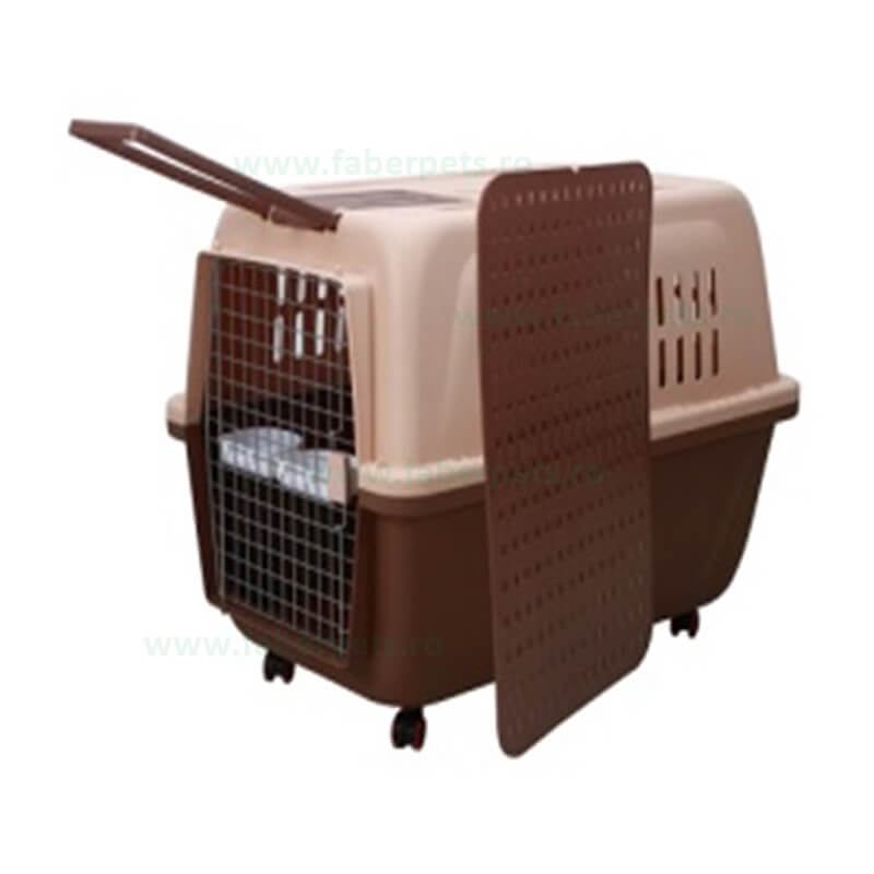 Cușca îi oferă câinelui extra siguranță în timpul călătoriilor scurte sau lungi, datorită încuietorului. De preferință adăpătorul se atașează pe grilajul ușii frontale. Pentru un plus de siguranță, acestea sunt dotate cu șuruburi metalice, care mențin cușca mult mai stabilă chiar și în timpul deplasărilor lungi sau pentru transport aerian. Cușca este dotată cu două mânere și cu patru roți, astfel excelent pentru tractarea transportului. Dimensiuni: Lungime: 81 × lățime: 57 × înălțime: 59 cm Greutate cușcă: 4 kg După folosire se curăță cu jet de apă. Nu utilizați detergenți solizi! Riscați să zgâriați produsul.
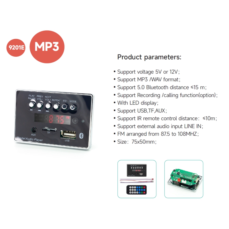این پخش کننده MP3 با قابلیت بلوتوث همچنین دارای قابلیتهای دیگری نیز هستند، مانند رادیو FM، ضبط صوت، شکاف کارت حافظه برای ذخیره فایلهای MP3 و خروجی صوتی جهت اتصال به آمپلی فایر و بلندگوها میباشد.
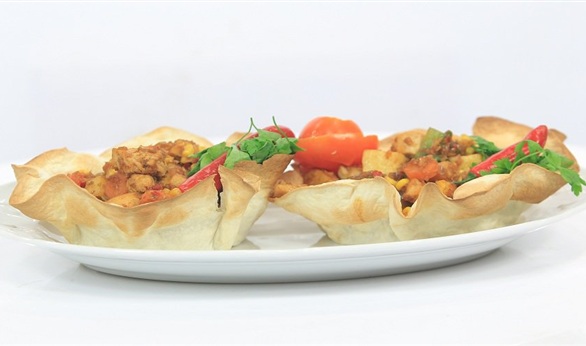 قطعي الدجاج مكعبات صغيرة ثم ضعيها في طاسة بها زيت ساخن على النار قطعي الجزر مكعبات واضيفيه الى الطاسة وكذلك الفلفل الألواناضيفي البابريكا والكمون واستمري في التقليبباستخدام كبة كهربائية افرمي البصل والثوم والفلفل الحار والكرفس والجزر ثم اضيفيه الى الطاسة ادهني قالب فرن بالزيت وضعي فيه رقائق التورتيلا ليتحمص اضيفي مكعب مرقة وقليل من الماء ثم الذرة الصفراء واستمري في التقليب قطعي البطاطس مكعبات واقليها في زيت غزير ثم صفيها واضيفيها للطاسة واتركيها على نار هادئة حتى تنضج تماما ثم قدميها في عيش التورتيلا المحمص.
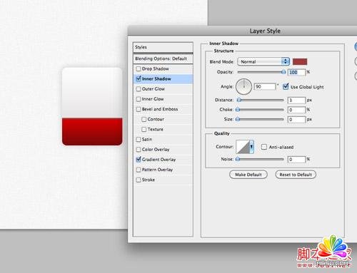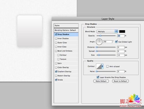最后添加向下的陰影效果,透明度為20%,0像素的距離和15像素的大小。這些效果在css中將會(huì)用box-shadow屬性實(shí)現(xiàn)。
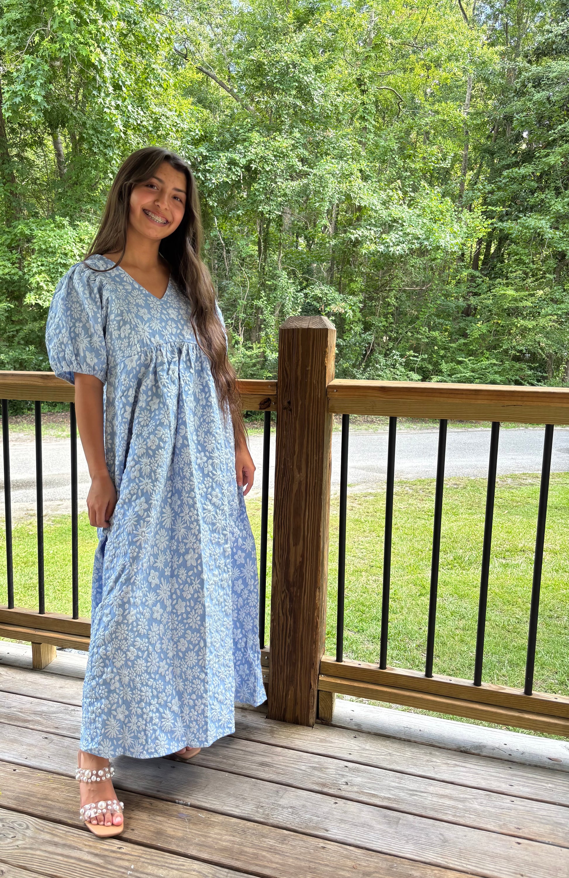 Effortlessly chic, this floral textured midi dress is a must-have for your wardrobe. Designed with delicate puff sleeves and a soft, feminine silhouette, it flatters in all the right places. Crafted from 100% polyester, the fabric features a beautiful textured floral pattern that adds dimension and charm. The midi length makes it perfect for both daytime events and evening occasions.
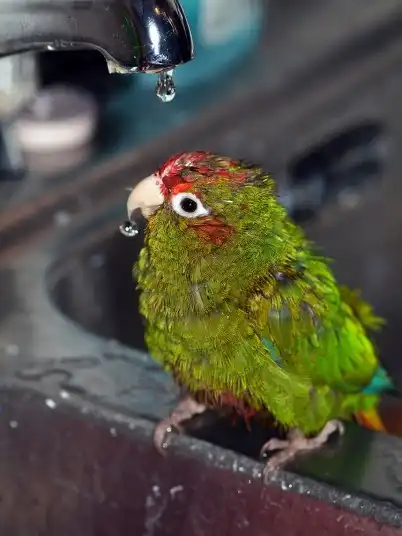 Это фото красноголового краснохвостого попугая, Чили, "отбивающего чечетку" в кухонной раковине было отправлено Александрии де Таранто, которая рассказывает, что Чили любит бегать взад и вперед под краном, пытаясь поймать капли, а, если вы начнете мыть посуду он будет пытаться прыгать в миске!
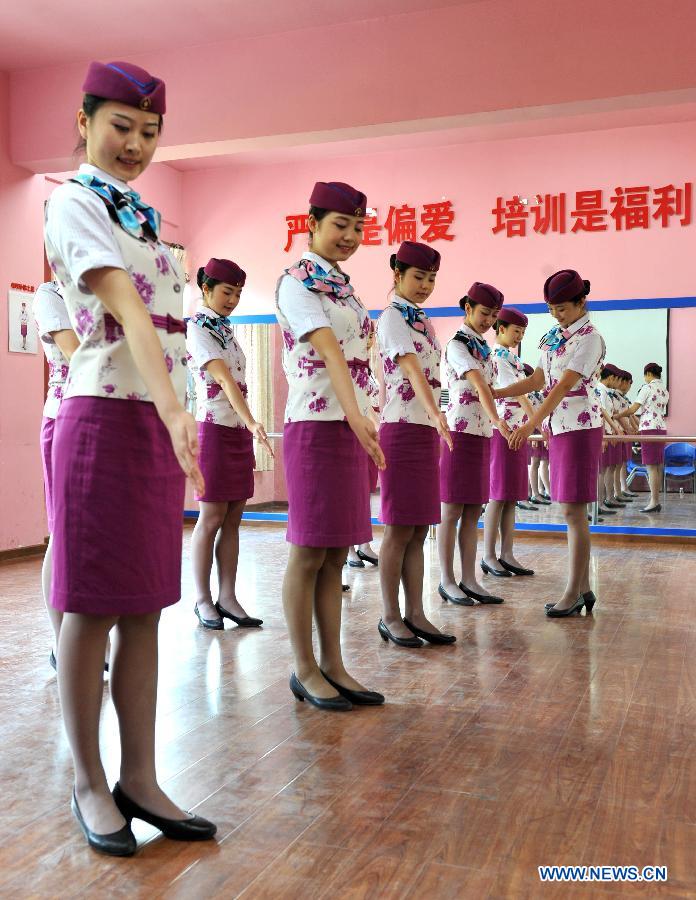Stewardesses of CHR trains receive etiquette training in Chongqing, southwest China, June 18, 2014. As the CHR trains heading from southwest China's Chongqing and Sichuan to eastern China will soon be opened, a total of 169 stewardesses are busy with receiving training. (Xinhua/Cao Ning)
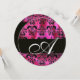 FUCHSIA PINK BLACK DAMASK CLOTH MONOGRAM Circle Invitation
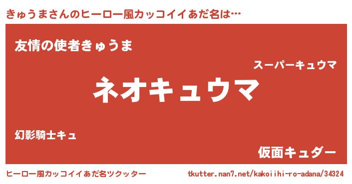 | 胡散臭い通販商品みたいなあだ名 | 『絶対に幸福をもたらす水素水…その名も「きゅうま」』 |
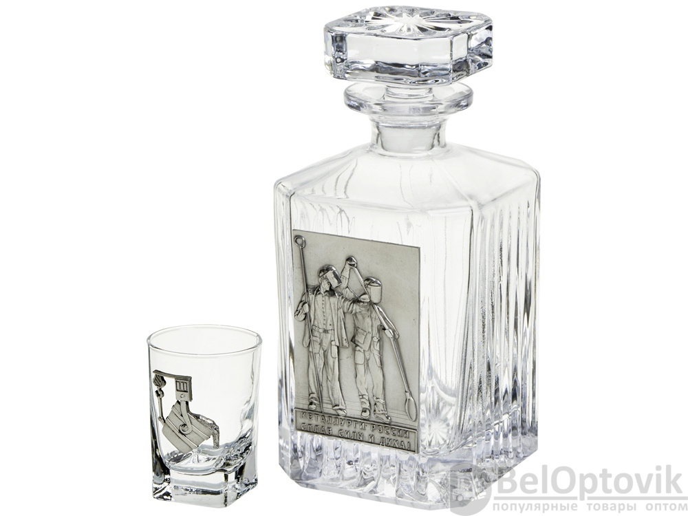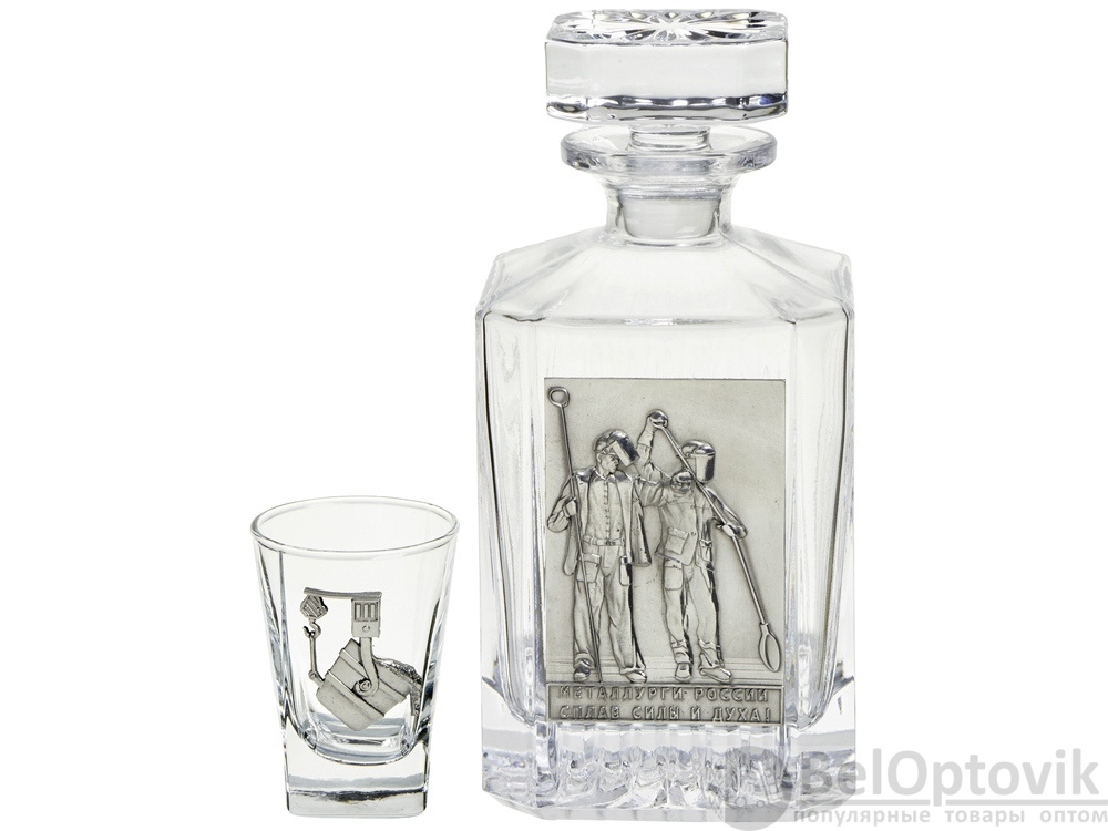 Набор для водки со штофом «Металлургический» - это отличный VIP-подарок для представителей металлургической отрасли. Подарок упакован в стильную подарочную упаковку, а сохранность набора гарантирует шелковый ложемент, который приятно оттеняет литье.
********************
◆ What is expected ◆
Produce an exact reproduction of the listing above, limited to the lines starting at the line with "Stewardesses of CHR" and ending at the line with "胡散臭い通販商品みたいなあだ名 | 『絶対に幸福をもたらす水素水…その名も「きゅうま」』 |", both kept, with every picture left out.

◆ Result for this task ◆
Stewardesses of CHR trains receive etiquette training in Chongqing, southwest China, June 18, 2014. As the CHR trains heading from southwest China's Chongqing and Sichuan to eastern China will soon be opened, a total of 169 stewardesses are busy with receiving training. (Xinhua/Cao Ning)
 FUCHSIA PINK BLACK DAMASK CLOTH MONOGRAM Circle Invitation
 | 胡散臭い通販商品みたいなあだ名 | 『絶対に幸福をもたらす水素水…その名も「きゅうま」』 |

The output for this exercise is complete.